### What you need to do
I would like the entries transcribed word for word, please, with the pictures removed.

### Records
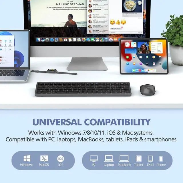 Universal CompatibilityThis Bluetooth wireless keyboard and mouse combo works with Windows 7/8/10/11, iOS, and Mac systems. Compatible with desktops, laptops, MacBooks, tablets, iPads, and smartphones.
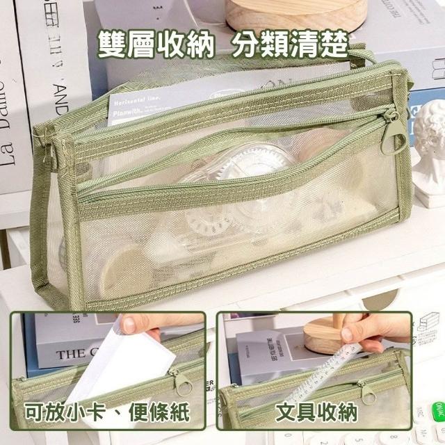 網紗筆袋 網紗鉛筆盒 雙層筆袋 鉛筆袋 透明筆袋 大容量筆袋 文具袋 筆袋大容量 紗網筆袋
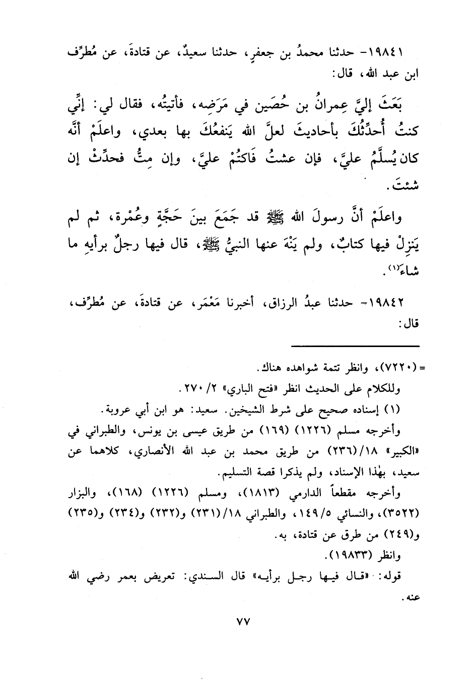 ١٩٨٤٢ - حَدَّثَنَا عَبْدُ الرَّزَّاقِ، أَخْبَرَنَا مَعْمَرٌ، عَنْ قَتَادَةَ، عَنْ مُطَرِّفٍ قَالَ:
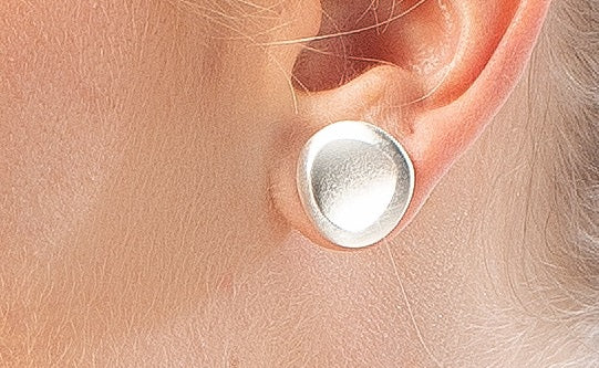 Diese Scheibenohrstecker aus 925/- Sterlingsilber überzeugen durch eine besondere sandmatte Oberflächengestaltung. Die nicht exakt kreisrund gearbeitete Ausführung sowie die leichte Wölbung nach innen hebt den besonders handwerklichen Charakter der Ohrstecker hervor. Für den besonders bequemen Sitz am Ohr wird dieser designstarke Ohrschmuck mit großer Ohrmutter geliefert.
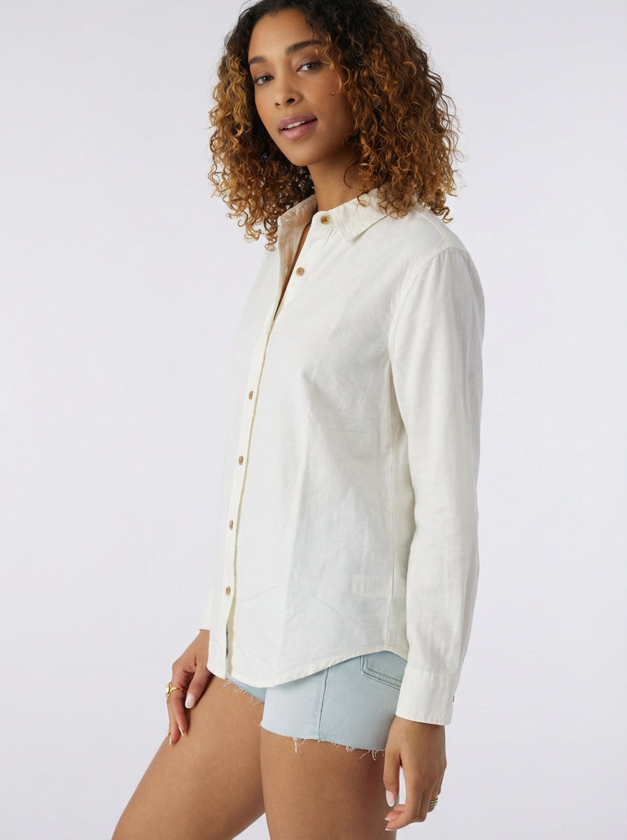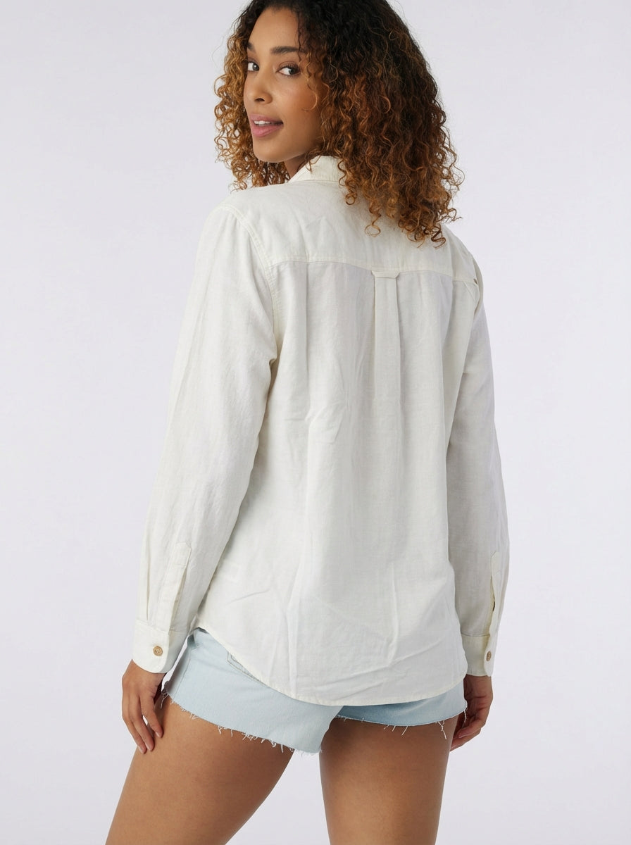 Stylish, breathable, and designed for comfort, the O’Neill Sanders Woven Long Sleeve Shirt is a versatile addition to your warm-weather wardrobe. Made from a soft, lightweight blend of 55% viscose, 30% cotton, and 15% linen, it offers a cool, airy feel perfect for layering or wearing on its own. This long sleeve button-up shirt features sleeve cuffs with button plackets for adjustable styling and a saddle cut for a relaxed, flattering fit. Ideal for casual outings, beach days, or pairing with your favorite shorts or pants, it combines classic design with modern comfort.

### Solution for this task
 Universal CompatibilityThis Bluetooth wireless keyboard and mouse combo works with Windows 7/8/10/11, iOS, and Mac systems. Compatible with desktops, laptops, MacBooks, tablets, iPads, and smartphones.
 網紗筆袋 網紗鉛筆盒 雙層筆袋 鉛筆袋 透明筆袋 大容量筆袋 文具袋 筆袋大容量 紗網筆袋
 ١٩٨٤٢ - حَدَّثَنَا عَبْدُ الرَّزَّاقِ، أَخْبَرَنَا مَعْمَرٌ، عَنْ قَتَادَةَ، عَنْ مُطَرِّفٍ قَالَ:
 Diese Scheibenohrstecker aus 925/- Sterlingsilber überzeugen durch eine besondere sandmatte Oberflächengestaltung. Die nicht exakt kreisrund gearbeitete Ausführung sowie die leichte Wölbung nach innen hebt den besonders handwerklichen Charakter der Ohrstecker hervor. Für den besonders bequemen Sitz am Ohr wird dieser designstarke Ohrschmuck mit großer Ohrmutter geliefert.
 Stylish, breathable, and designed for comfort, the O’Neill Sanders Woven Long Sleeve Shirt is a versatile addition to your warm-weather wardrobe. Made from a soft, lightweight blend of 55% viscose, 30% cotton, and 15% linen, it offers a cool, airy feel perfect for layering or wearing on its own. This long sleeve button-up shirt features sleeve cuffs with button plackets for adjustable styling and a saddle cut for a relaxed, flattering fit. Ideal for casual outings, beach days, or pairing with your favorite shorts or pants, it combines classic design with modern comfort.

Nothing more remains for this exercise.